- _Task objective_
The output is a word-for-word repeat of the listing below, free of images.

- _Listed records_
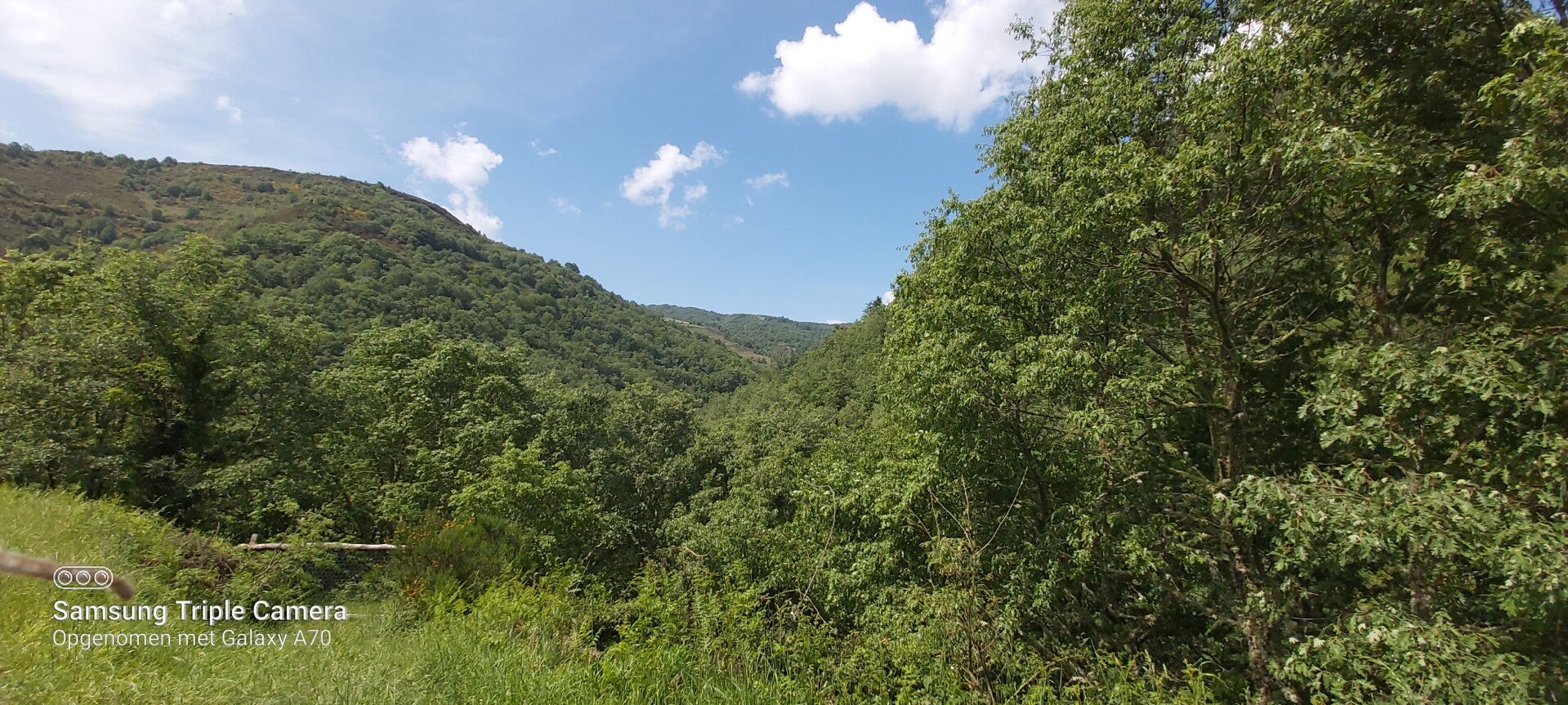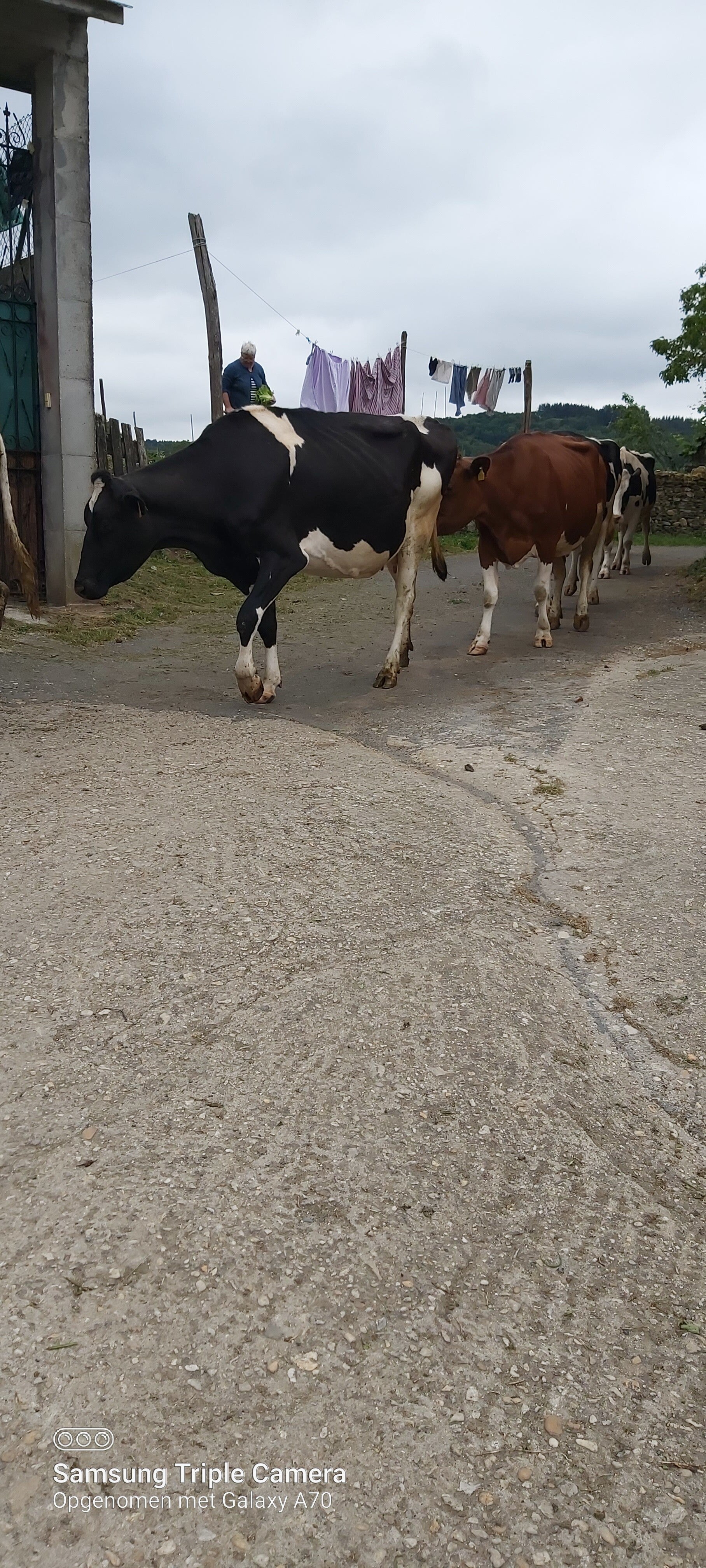 10.30. We zijn al anderhalf uur aan het rijden. Ik kijk wat in het ronde. Natuur, bossen, heuvels, een grindweg iets verder op die tussen weiden kronkelt...en Pelgrims die erop hun Tocht naar Compostella aan het voortzetten zijn. Deze komen vanuit Portugal dus. We hebben ongeveer 100km gereden. Zij zullen dus ongeveer in 3 à 4 dagen aankomen... ULTREÏA PEREGRINOS, ULTREÏA...
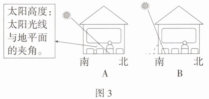 (4)A代表冬季,B代表夏季。正午时刻太阳高度越大,日影越短;太阳高度越小,日影越长。
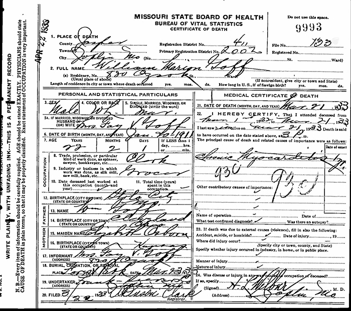 - William Marion Goff b. 20 Jan 1911, d. 21 Mar 1933
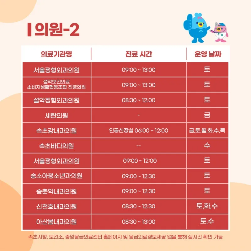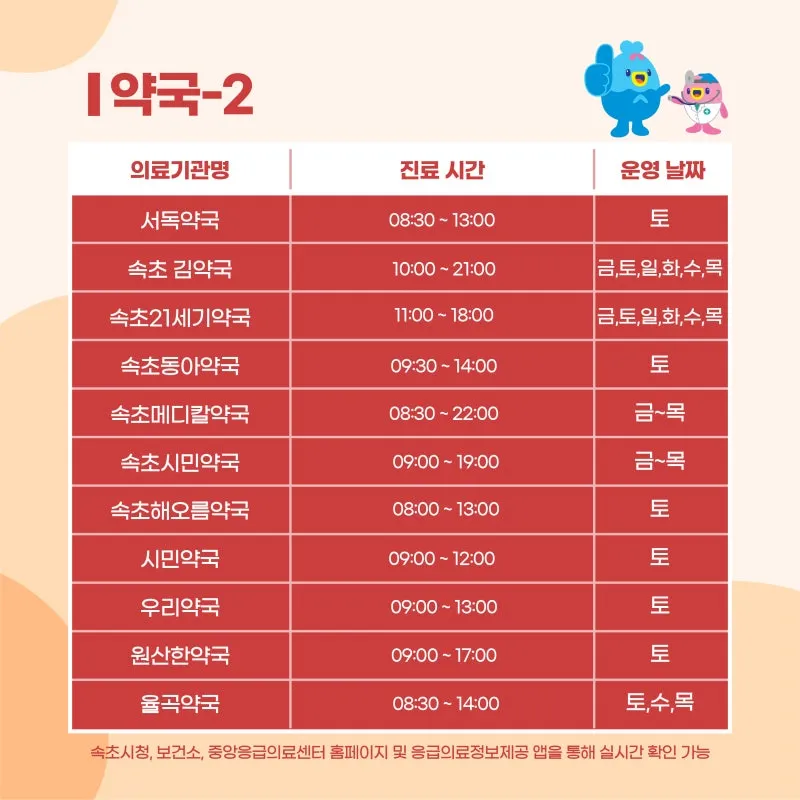 🌕10.4.(토) 속초시 내 병‧의원 및 약국 운영 현황 안내🍂
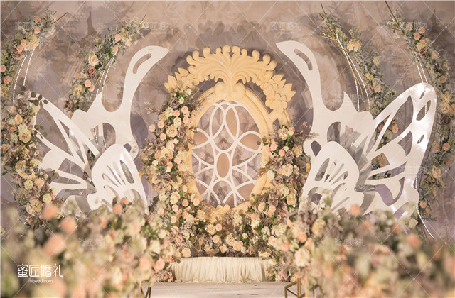 整场婚礼以浅香槟为基调,暖黄色的灯光,朦胧的水雾,烘托出温馨浪漫的唯美场景,干净的大型道具布搭配白色香槟色的花艺,让新人和来宾们都能陶醉在幸福梦幻的氛围中。发光S造型金色铁艺,缠绕白色发光灯带与精致花艺,灵动生气,欧式相框造型泡雕与香槟色渐染花朵更添神圣浪漫之感。

- _Answer for this exercise_
 10.30. We zijn al anderhalf uur aan het rijden. Ik kijk wat in het ronde. Natuur, bossen, heuvels, een grindweg iets verder op die tussen weiden kronkelt...en Pelgrims die erop hun Tocht naar Compostella aan het voortzetten zijn. Deze komen vanuit Portugal dus. We hebben ongeveer 100km gereden. Zij zullen dus ongeveer in 3 à 4 dagen aankomen... ULTREÏA PEREGRINOS, ULTREÏA...
 (4)A代表冬季,B代表夏季。正午时刻太阳高度越大,日影越短;太阳高度越小,日影越长。
 - William Marion Goff b. 20 Jan 1911, d. 21 Mar 1933
 🌕10.4.(토) 속초시 내 병‧의원 및 약국 운영 현황 안내🍂
 整场婚礼以浅香槟为基调,暖黄色的灯光,朦胧的水雾,烘托出温馨浪漫的唯美场景,干净的大型道具布搭配白色香槟色的花艺,让新人和来宾们都能陶醉在幸福梦幻的氛围中。发光S造型金色铁艺,缠绕白色发光灯带与精致花艺,灵动生气,欧式相框造型泡雕与香槟色渐染花朵更添神圣浪漫之感。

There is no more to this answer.